With all due respect Dom, you really ought to spend some time reading my old threads before you quote scripture to me and suggest I haven't "done" enough yet.

In addition to the things I have done, changes I have made and pride I have swallowed, you might also pay attention to the story of my marriage that preceded my MLC. Particularly his dysfunctional behaviors, which he is still firmly rooted in and shows no intention of wanting to change.

Dom, I walked this walk faithfully by the Word of God for a very long time and aside from the friendship that was restored, nothing else happened. Guilt soon overwhelmed me to such an extent that I was finding it unable to live with. While in that mindset, I allowed some things to be done to me that were very bad, very painful and very deviant - because I thought deep in my heart that I deserved it. Don't you dare suggest to me I have not paid.
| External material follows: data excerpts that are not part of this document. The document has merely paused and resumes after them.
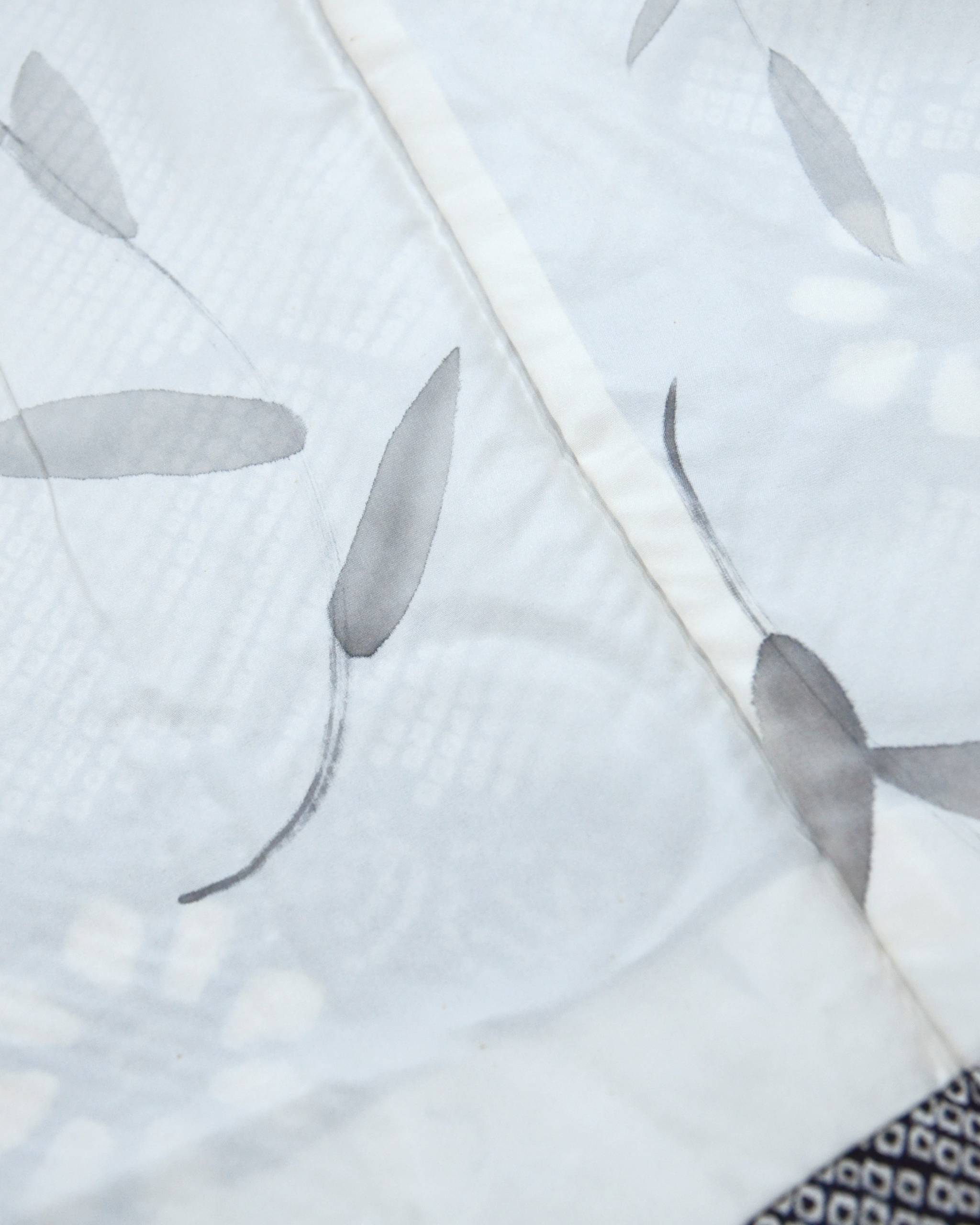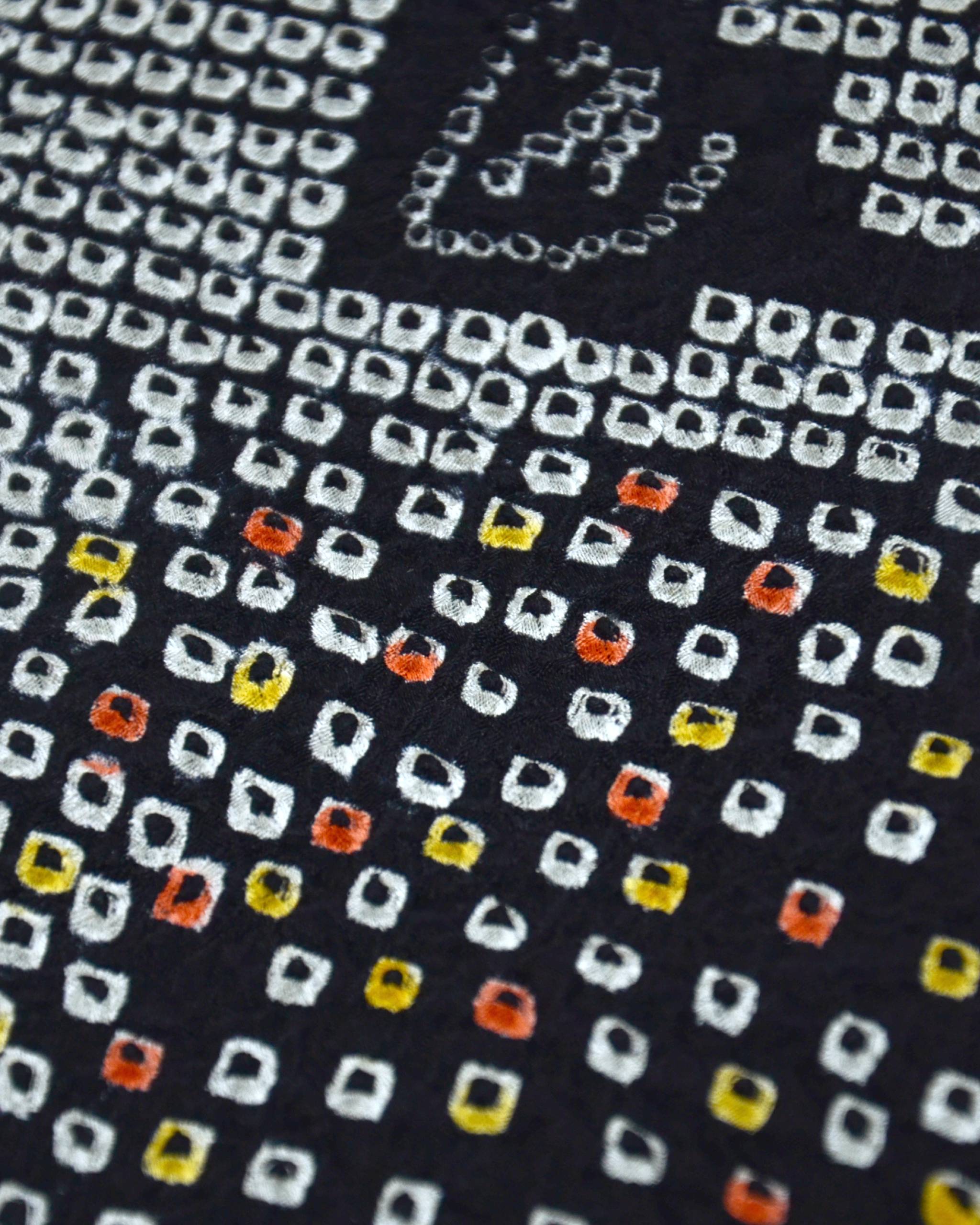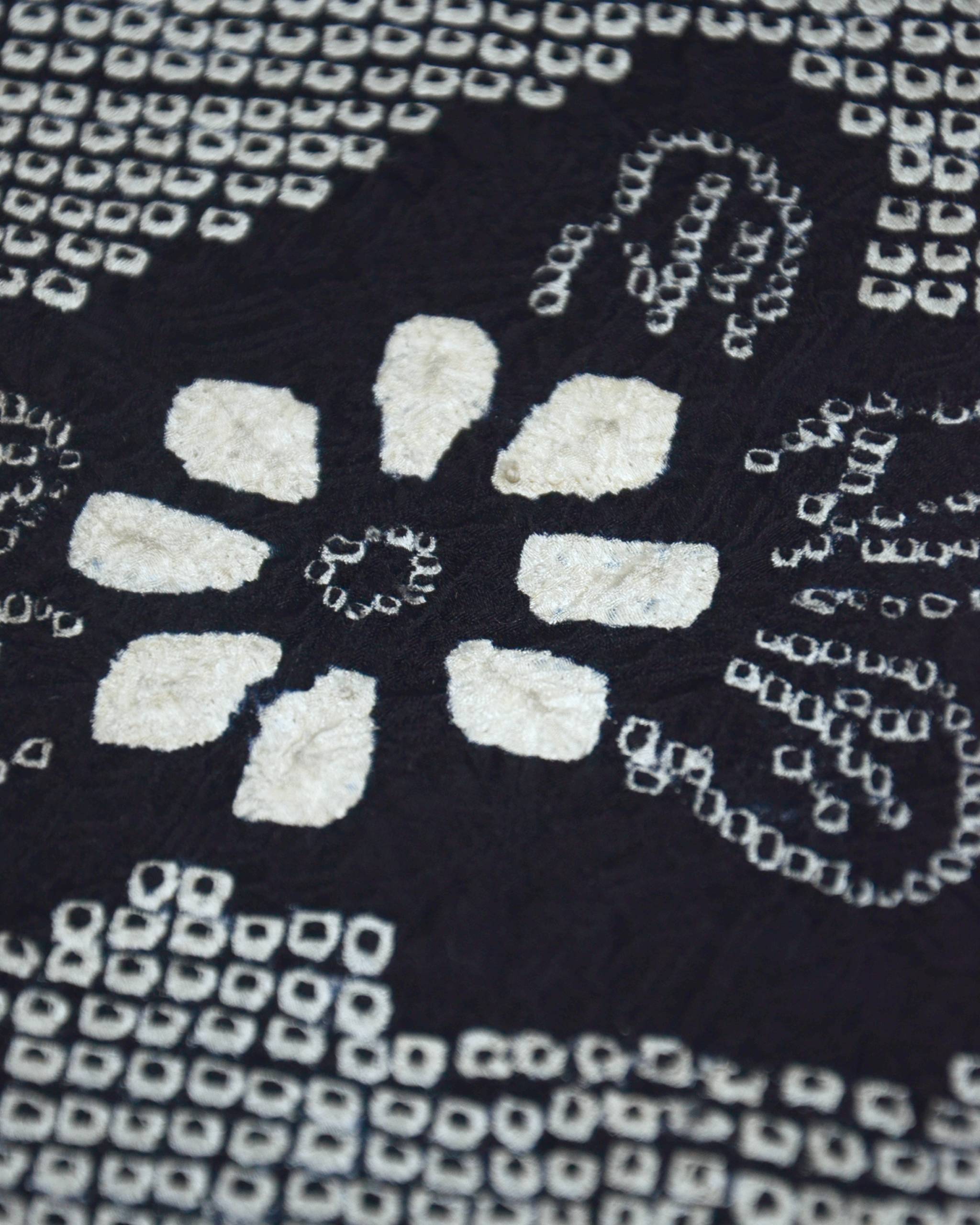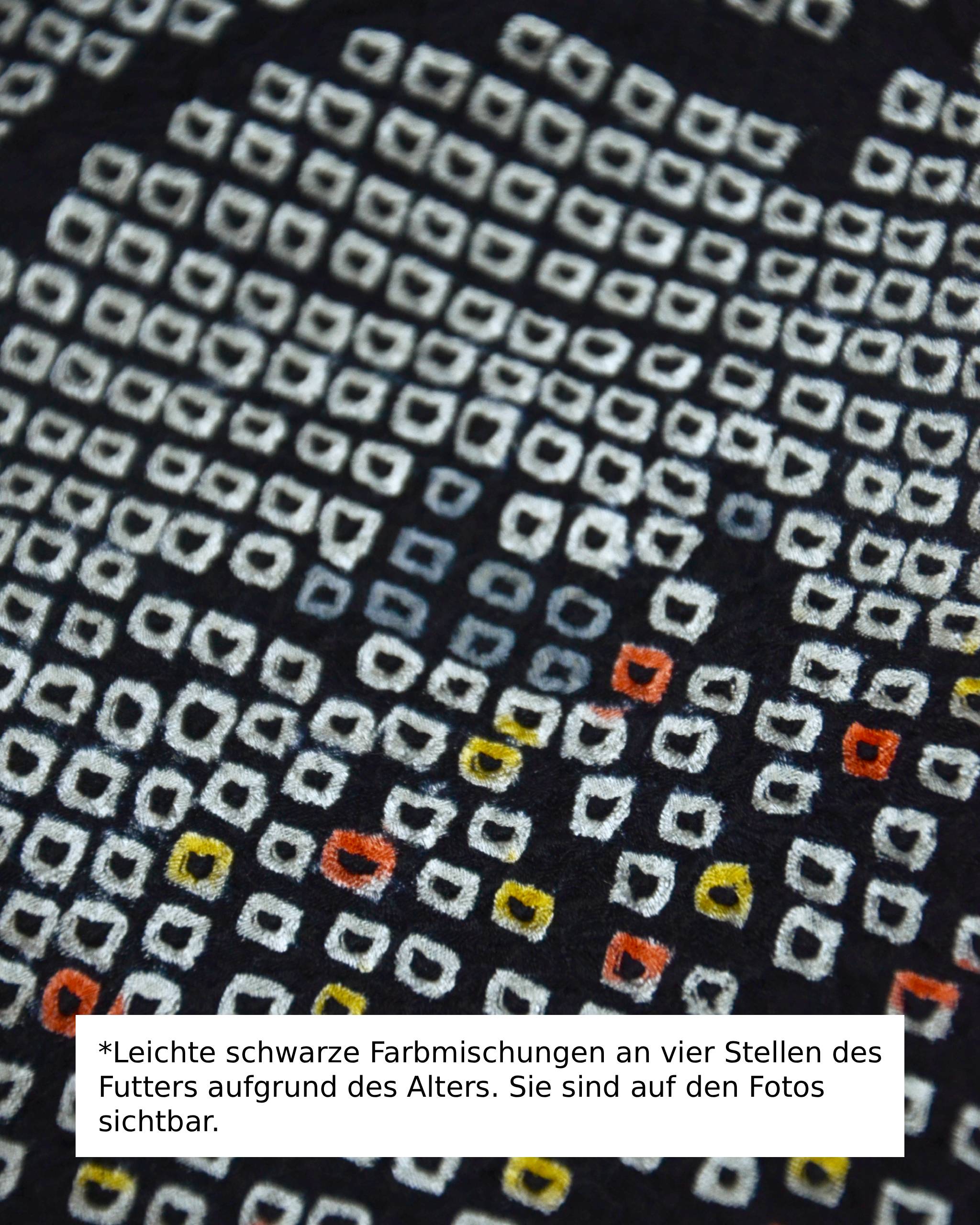 The haori, made of black fabric with a shibori pattern, is decorated with floral motifs in orange and yellow and looks very decorative.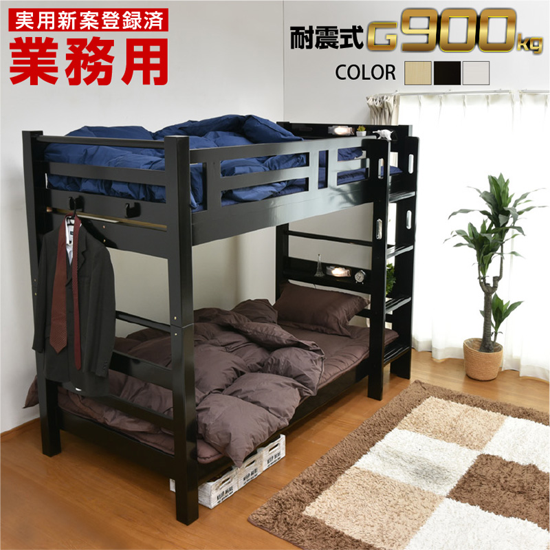 | 特徴 | \アウトレットで激安大特価!/ ・上下段LED照明、スライド式コンセント付き ・垂直はしごでスペースの有効活用が可能 ・上下空間が約1m有り大人でも余裕の出入り ・成人男性5人が乗っても余裕の耐荷重! ・北欧産のパイン無垢材を使用 ・耐震式の上下連結でぐらつきをなくす ・シングルベッド対応 ・社員寮や学生寮・民泊等でもご使用頂けます |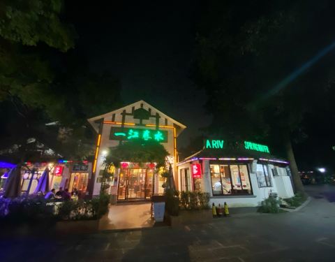 一江春水有自己的停车场,可以停十辆左右。不过在去它家时根据导航走到了它家的后门。店铺挺大,一幢独门独院的农家院落,在三台山这样的环境,实属珍贵。它家的菜味道不错,几个招牌特色菜很好吃,尤其是椒麻澳牛,是把牛舌做成川味十足的一道菜肴,牛舌入口有嚼劲,略带麻辣,调动人的食欲大开!唯一美中不足的就是店铺内的装修有些Low,希望抽空调整一下风格,更显档次和品味!

I have paid. I have paid by watching my children suffer, my extended family members be unsure of how to refer to my husband and me now, living with my own vivid sense of loss and watching my husband suffer in prideful obstinance instead of letting me help him; letting me BE his wife. And these are just words - do find the threads if you'd like the details of how I have suffered, picked myself up to walk right back into the fire and keep swinging and then finally, I couldn't do it anymore. I just couldn't get back up one more time. THAT is when the enemy had me, Dom. All that I did for my family that was good and restorative WASN'T. And I hated myself for not praying years ago - before the MLC - hated myself for not knowing that prayer was a tool against alcoholism - hated myself for being so ignorant all those years - then I hated myself for having an affair, for hurting my husband and for destroying my family. I had to WALK in that DAY AFTER DAY and it was impossible to live with. I couldn't punish myself ENOUGH so I found someone else that would. Do you know there are people that do that sh*t for FUN? Well there ARE. So I descended into the darkest place of my life in a demented effort to rid myself of guilt. If it were not for the scriptures, if it were not for grace, if it were not for mercy I'd have been left there. Fortunately, I wasn't in that place long. It was another pit. Just like the Psalm, Dom. 40. He picked me up out of the miry clay and set my feet upon the Rock. I wasn't even reaching up this time either. My SOUL cried out to Him, though. Do you know there's another scripture that says - and DO keep this in context with what I am saying to you - 'if you sit here you shall surely die'? - That is me. If I were to remain in that place, spiritually I'd have died. I don't think I'd have been lucky enough to die physically.

I am finished.
Should I pay with my soul?
Should that be the cost for what I "stole"?

Because that is the ONLY thing I have left and I BARELY got out with THAT!